The Josephs problem is notoriously known. For those who are not familiar with the problem, among n people numbered 1, 2, . . . , n, standing in circle every mth is going to be executed and only the life of the last remaining person will be saved. Joseph was smart enough to choose the position of the last remaining person, thus saving his life to give the message about the incident.

 

The persons are eliminated in a very peculiar order; m is a dynamical variable, which each time takes a different value corresponding to the Composite numbers succession (4, 6, 8, 9, 10, 12, 14, 15, 16, 18, 20, ...). So in order to kill the i-th person, Josephus cousin counts up to the i-th composite.

 

A composite number is a positive integer that has at least one positive divisor other than one or the number itself.
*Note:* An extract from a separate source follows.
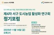 한방통신사 신유철기자 기자 | 인천 서구의회 《서구 도시농업 활성화 연구회》는 14일 오후 2시, 서구청 대회의장에서 제4차 정기포럼을 개최한다. 이번 정기포럼 주제는‘도시 속에 심는 마음, 치유와 회복으로 함께 자라는 우리’로 발제는 서울대학교 이성우 책임연구원이 맡는다. 그동안 연구단체는 치유와 힐링의 도시농업 연구에 따른 자연친화, 환경회복 도시환경 조성을 주제로 연구 활동을 지속해 왔다. 전국 우수사례 현장 견학 13회와 정책 연구용역 2건을 진행했고, 포럼과 세미나를 3차례 개최했다. 이번 보고회는 그간의 왕성한 활동을 통해 얻어진 연구 성과의 최종 발표로 도시농업에 관심이 많은 구민들의 기대를 모으고 있다. 특히 이번 행사는 부대 프로그램도 함께 열려 더욱 풍성하다. ‘도시농업으로 만드는 치유와 회복의 여정’ 연구활동 성과와 참여 기관의 치유농업 성공 사례 성과물도 함께 전시한다. 이번 정기포럼에 대해 김남원 대표 의원은 “3년 동안의 단일 주제로 연구 활동을 해왔다”, “2023년 처음 활동 당시 의원님 그대로 열과 성의를 다해 동참해 주신 결과의

In other words, a composite number is any integer greater than one that is not a prime number.

 

For example, there are 6 people in a circle, and the sequence of couting is composite number succession (4, 6, 8, 9, 10, …).

In the beginning, the step to kill m = 4. The sequence of killing people is as follows.

1, 2, 3, 4.............................(kill 4, and m is changed to 6)

5, 6, 1, 2, 3, 5.....................(kill 5, and m is changed to 8)

6, 1, 2, 3, 6, 1, 2, 3.............(kill 3, and m is changed to 9)

6, 1, 2, 6, 1, 2, 6, 1, 2.........(kill 2, and m is changed to 10)

6, 1, 6, 1, 6, 1, 6, 1, 6, 1.....(kill 1)

Each line with 1 integers, n. n is the number of people.Input terminated by EOF.

 

Testcase 1 : 1<=n<100

Testcase 2 : 100<=n<1000

Testcase 3 : 1000<=n<10000

Testcase 4 : 10000<=n<50000

Testcase 5 : 50000<=n<100000